The task => Starting at the line that contains "छात्राओं को जागरूक करते हुए चिकित्सक।", transcribe every remaining line of the data below exactly, and omit all pictures.

Entries provided =>

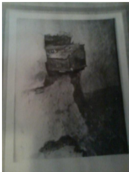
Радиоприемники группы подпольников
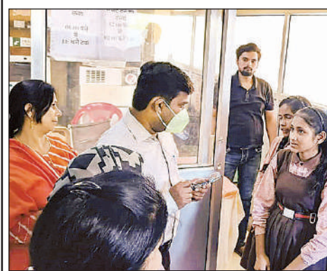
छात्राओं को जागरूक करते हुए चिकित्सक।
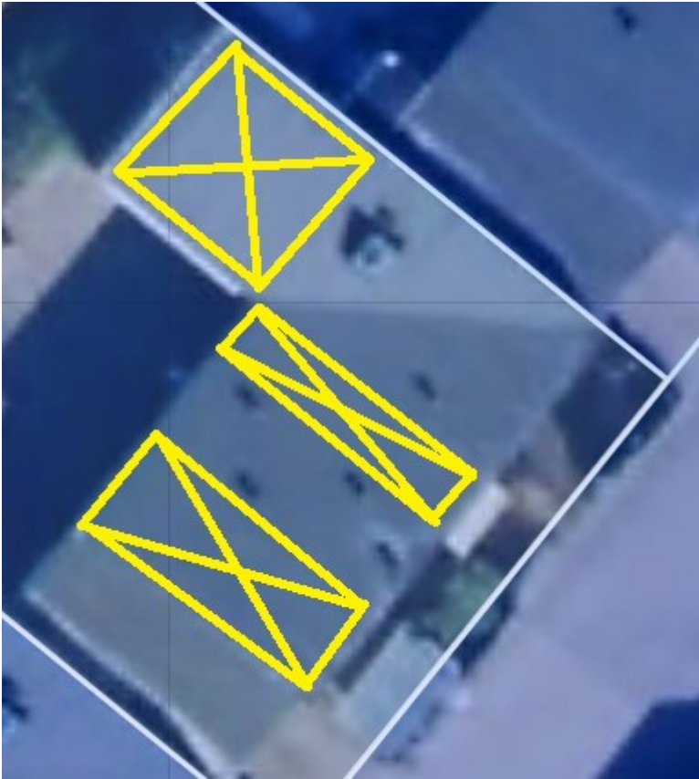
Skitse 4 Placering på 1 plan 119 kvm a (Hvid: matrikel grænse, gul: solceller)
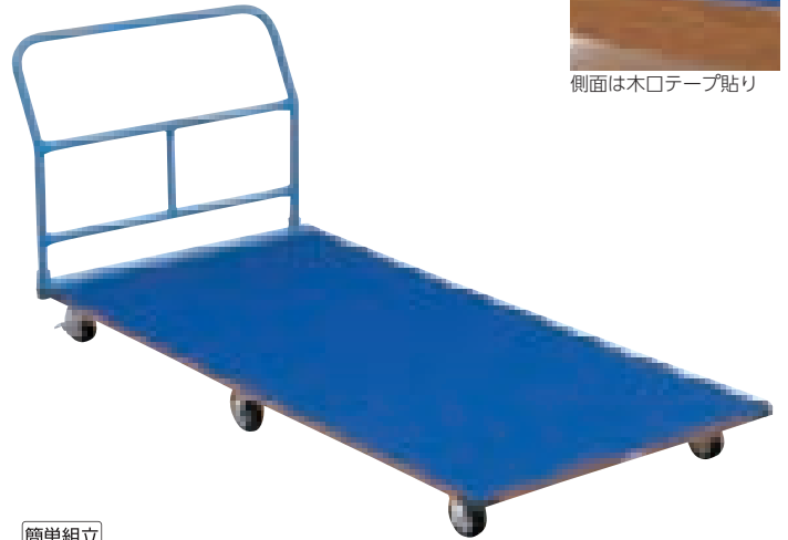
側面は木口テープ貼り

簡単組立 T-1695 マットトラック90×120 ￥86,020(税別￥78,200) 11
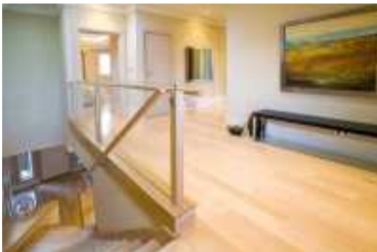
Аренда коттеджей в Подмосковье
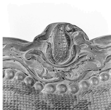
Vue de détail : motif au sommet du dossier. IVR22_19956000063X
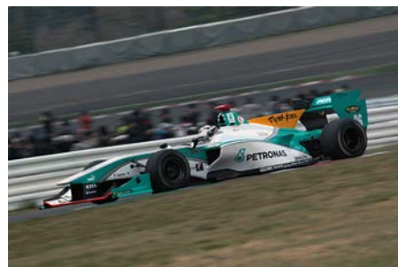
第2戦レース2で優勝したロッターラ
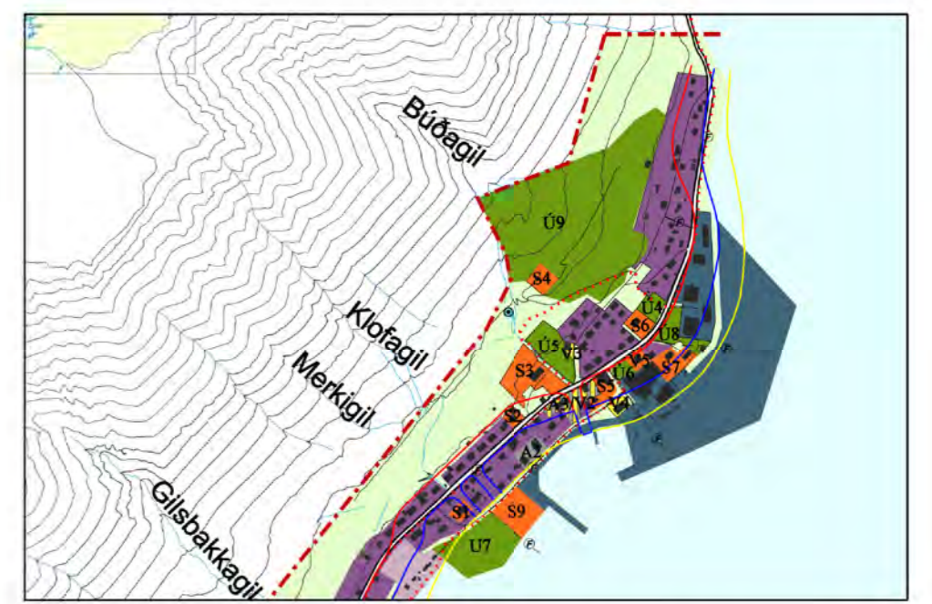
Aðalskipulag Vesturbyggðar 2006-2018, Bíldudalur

Answer to the problem =>
छात्राओं को जागरूक करते हुए चिकित्सक।
Skitse 4 Placering på 1 plan 119 kvm a (Hvid: matrikel grænse, gul: solceller)
側面は木口テープ貼り

簡単組立 T-1695 マットトラック90×120 ￥86,020(税別￥78,200) 11
Аренда коттеджей в Подмосковье
Vue de détail : motif au sommet du dossier. IVR22_19956000063X
第2戦レース2で優勝したロッターラ
Aðalskipulag Vesturbyggðar 2006-2018, Bíldudalur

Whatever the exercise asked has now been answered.